The size and scale of cyber attacks has increased in recent years as a result of a number of factors, including the increasing normalcy of cyber operations within international politics, the growing reliance of industry on digital infrastructure, and the difficulties of maintaining an adequate cybersecurity workforce. Many commentators across government, media, academia, and industry have wondered how cybersecurity professionals might be able to adapt machine learning for defensive purposes. Could machine learning allow defenders to detect and intercept attacks at much higher rates than is currently possible? Could machine learning–powered agents automatically hunt for vulnerabilities or engage an adversary during an unfolding attack? Should policymakers view machine learning as a transformational force for cyber defense or as mere hype?
This report examines the academic literature on a wide range of AI-cybersecurity applications to provide a grounded assessment of their potential. It breaks cybersecurity practice into a four-stage model and examines the impact that recent machine learning innovations could have at each stage, contrasting these applications with the status quo. The report offers four conclusions:
- Machine learning can help defenders more accurately detect and triage potential attacks. However, in many cases these technologies are elaborations on long-standing methods—not fundamentally new approaches—that bring new attack surfaces of their own.
- A wide range of specific tasks could be fully or partially automated with the use of machine learning, including some forms of vulnerability discovery, deception, and attack disruption. But many of the most transformative of these possibilities still require significant machine learning breakthroughs.
- Overall, we anticipate that machine learning will provide incremental advances to cyber defenders, but it is unlikely to fundamentally transform the industry barring additional breakthroughs. Some of the most transformative impacts may come from making previously un- or under-utilized defensive strategies available to more organizations.
- Although machine learning will be neither predominantly offense-biased nor defense-biased, it may subtly alter the threat landscape by making certain types of strategies more appealing to attackers or defenders.
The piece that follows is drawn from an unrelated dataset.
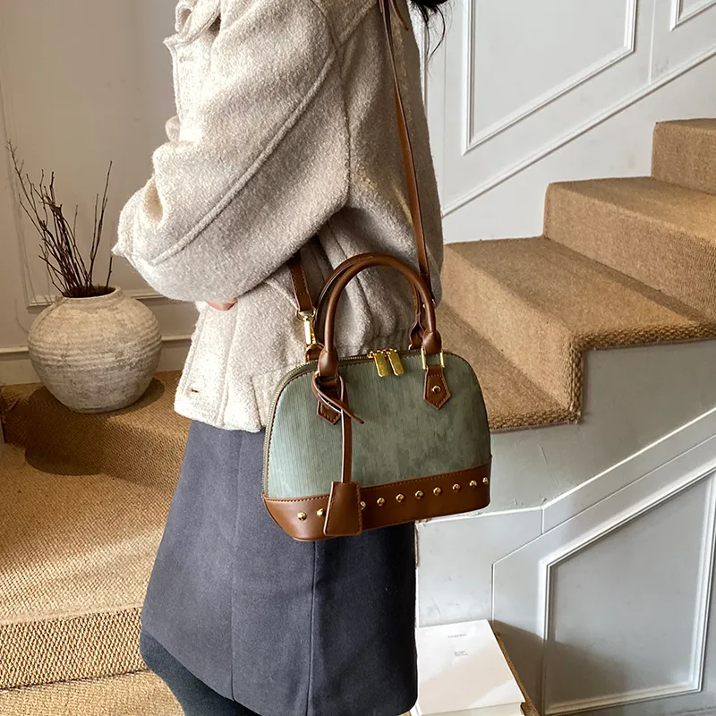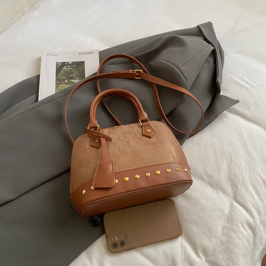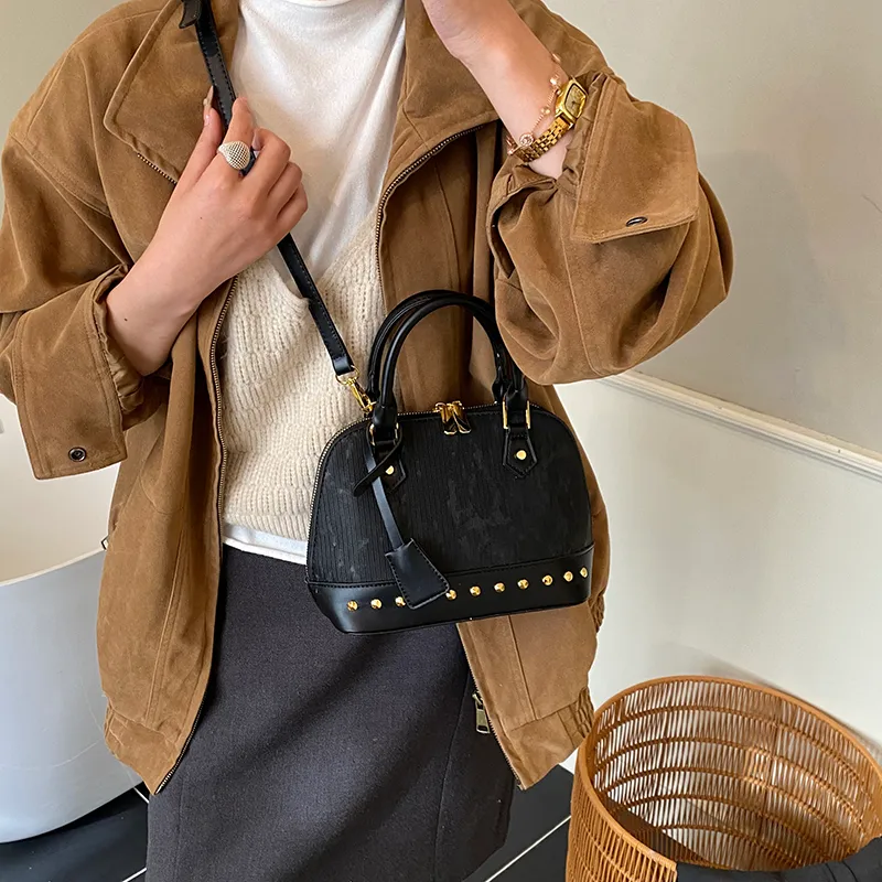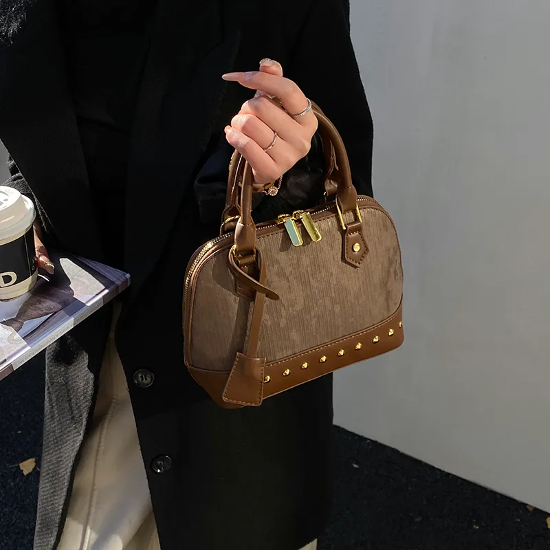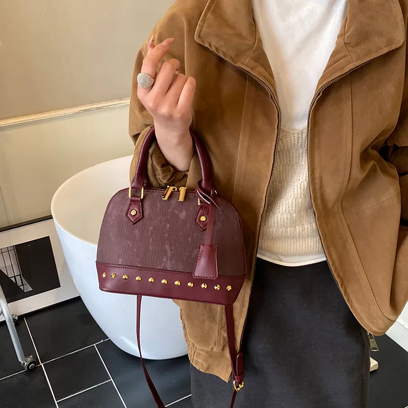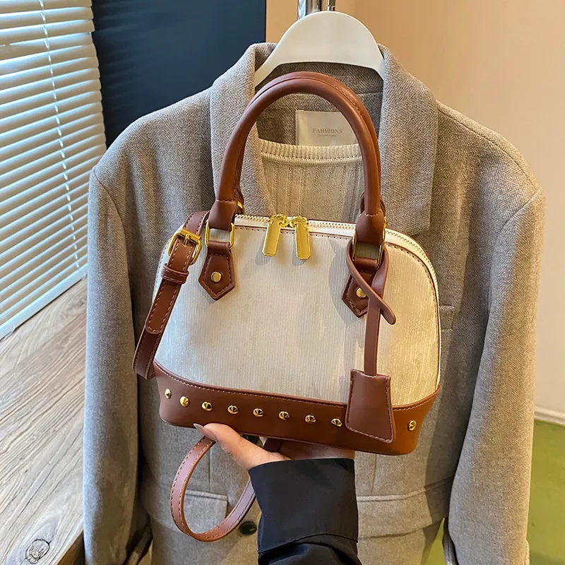 Trendy Cool Rivet Small Bag for Women New Color-Block Handbag Shell Autumn Winter Retro Anti-Theft Single Shoulder Crossbody Bag

This paper proceeds in four parts. First, it introduces the scope of the research and lays out a simplified, four-stage schema of cybersecurity practice to frame the different ways that future machine learning tools could be deployed. Second, it contextualizes recent machine learning breakthroughs and their implications for cybersecurity by examining the decades-long history of machine learning as applied to a number of core detection tasks. The third and most substantial section examines more recent machine learning developments and how they might benefit cyber defenders at each stage of our cybersecurity schema, and considers whether these newer machine learning approaches are superior to the status quo. Finally, a concluding section elaborates on the four conclusions mentioned above and discusses why the benefits of machine learning may not be as transformative in the immediate future as some hope, yet are still too important to ignore.